▶ [What the exercise asks]:
Every record below is to be copied exactly, with its images omitted.

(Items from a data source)
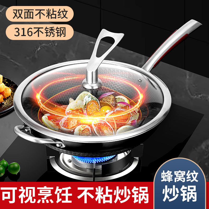 厳選された316ステンレス鋼中華鍋、両面ハニカム模様フライパン、ノンスティックフライパン、家庭用電磁調理器フライパン、調理鍋
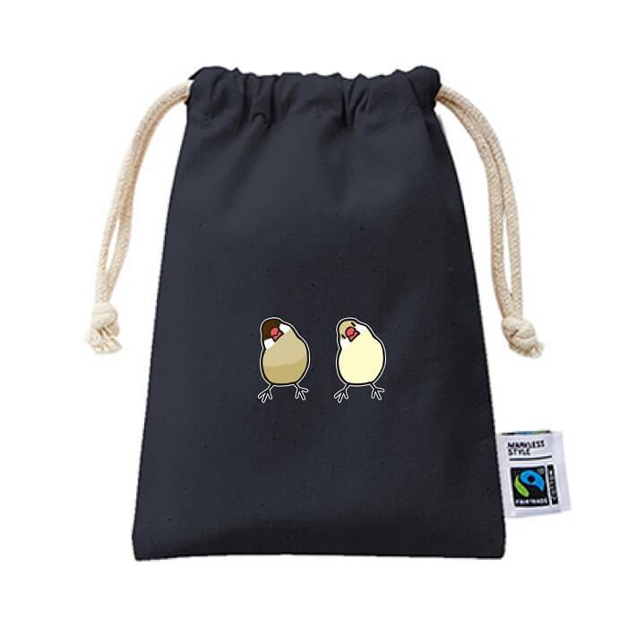 文鳥 巾着 フェアトレード コットン Sサイズ かしげる文鳥 2羽 バッグ 小物入れ 通勤 通学 ポーチ かわいい グッズ プレゼント 雑貨 お弁当袋 男の子 女の子
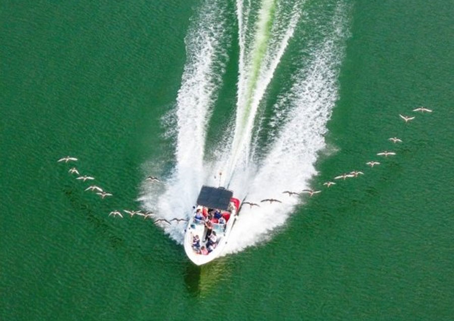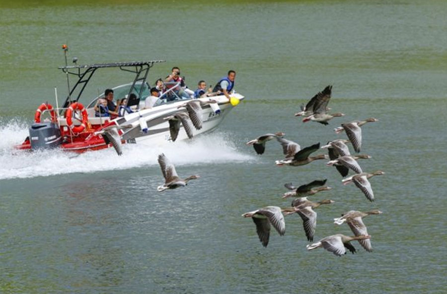 當日,游客搭乘快艇破浪而行,數十只經專業訓練的鴻雁展翅凌空、優雅伴飛,與青山碧水相映成趣,共同勾勒出一幅人與自然和諧共生的生態畫卷。
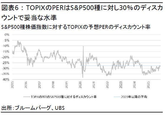 直近の株価下落により、東証株価指数(TOPIX)の株価収益率(PER)は15.9倍と、再び16倍以下へ低下した。過去からのレンジである12-16倍の上限に位置しており、必ずしも絶対値で割安とは言い難いが、相対的に見て妥当であると考える。S&P500種株価指数に対するPERのディスカウント率は30%と、過去5年の平均並みである。
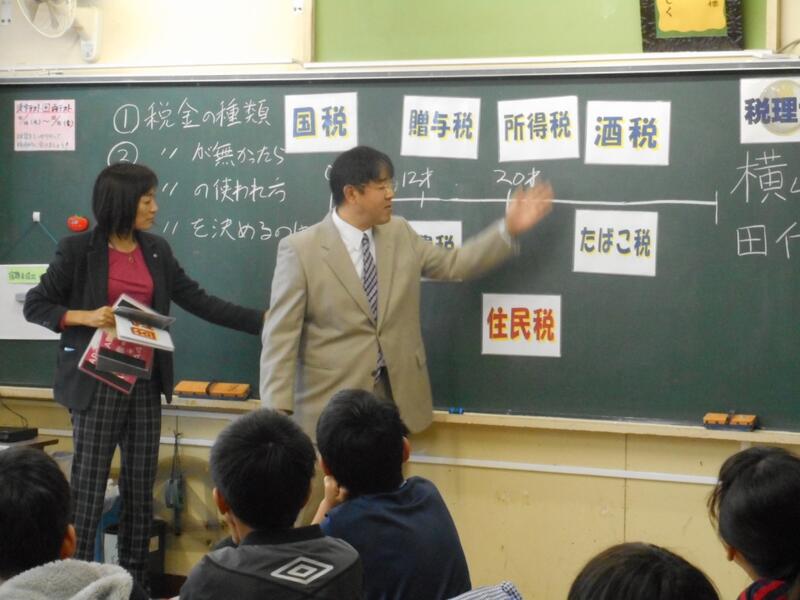 6年生。租税教室です。社会科で教わる内容です。6年生にも分かるように、税の種類や税の使われ方など、優しく教えてくださいました。ありがとうございました。
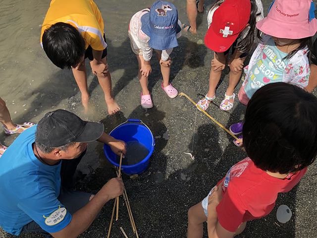 把餌埋進沙灘裡就可以等著抓螃蟹囉

▶ [Solution to this task]:
 厳選された316ステンレス鋼中華鍋、両面ハニカム模様フライパン、ノンスティックフライパン、家庭用電磁調理器フライパン、調理鍋
 文鳥 巾着 フェアトレード コットン Sサイズ かしげる文鳥 2羽 バッグ 小物入れ 通勤 通学 ポーチ かわいい グッズ プレゼント 雑貨 お弁当袋 男の子 女の子
 當日,游客搭乘快艇破浪而行,數十只經專業訓練的鴻雁展翅凌空、優雅伴飛,與青山碧水相映成趣,共同勾勒出一幅人與自然和諧共生的生態畫卷。
 直近の株価下落により、東証株価指数(TOPIX)の株価収益率(PER)は15.9倍と、再び16倍以下へ低下した。過去からのレンジである12-16倍の上限に位置しており、必ずしも絶対値で割安とは言い難いが、相対的に見て妥当であると考える。S&P500種株価指数に対するPERのディスカウント率は30%と、過去5年の平均並みである。
 6年生。租税教室です。社会科で教わる内容です。6年生にも分かるように、税の種類や税の使われ方など、優しく教えてくださいました。ありがとうございました。
 把餌埋進沙灘裡就可以等著抓螃蟹囉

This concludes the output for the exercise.